From a macroscopic point of view, we don't know. All we can do is attribute what is the probability of the system being in each possible microstate. The principle you stated implies that both microstates I exemplified are equally likely to be the actual microstate. We don't know which is the right microstate, and all the possible ones are equally likely.

The system moving towards the largest number of microstates is then not only a change of microstates, but also a change of macrostate. If I mix my gas with another box of gas at different temperature or something, the system will reach equilibrium at the macrostate with the most possible microstates. We still won't know what is the right microstate, being able only to attribute probabilities.

Essentially, as OP pointed out in the comments, the idea is that since we do not know which microstate is the correct one, we assign equal probabilities to all of them.

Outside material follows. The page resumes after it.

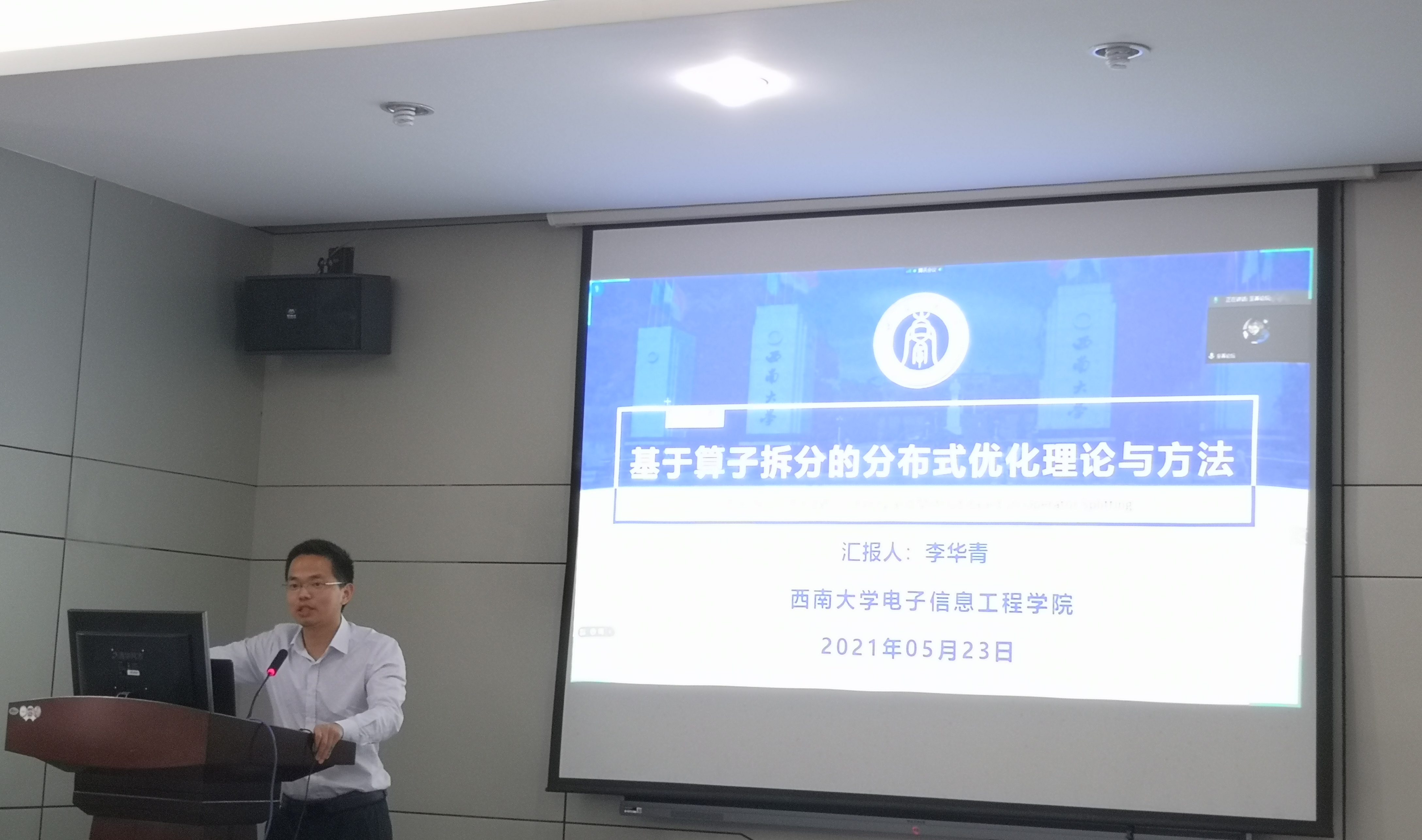 首先,西南大学李华青教授作了题为“基于算子拆分的分布式优化理论与方法”的报告,提出了基于算子拆分理论的分布式优化方法,并通过多机编队控制、电力系统动态经济调度、多车辆群集避撞等实际工程应用展示了所提分布式方法的性能。

Now, this does have a bit of nuance. Is it always valid to do this? In fact, it depends on the information you have about your system. Instead of an ideal gas, let us pick a generic gas. If the energy is fixed, then all available microstates should have the very same internal energy and there is no reason to prefer one of them over the other ones. We call this the microcanonical ensemble. On the other hand, suppose temperature (which is related to the expectation value of energy) is fixed. In this situation, there could be states with more internal energy than others, as long as the temperature stays the same (for the ideal gas, this won't happen because the energy is proportional to temperature, but let us consider a more general scenario). In this situation, it can be more likely for microstates with lower internal energy to occur, so we won't pick all probabilities to be the same. Instead, they are given by a Boltzmann distribution. This is known as the canonical ensemble.

The key point is that since we do not know what is the true microstate, we can only assign probabilities. We do this according to the information we have (or according to the experimental conditions, if you prefer). For fixed energy, all microstates should have the very same probability of being the true microstate, so they are, in this sense, equally likely.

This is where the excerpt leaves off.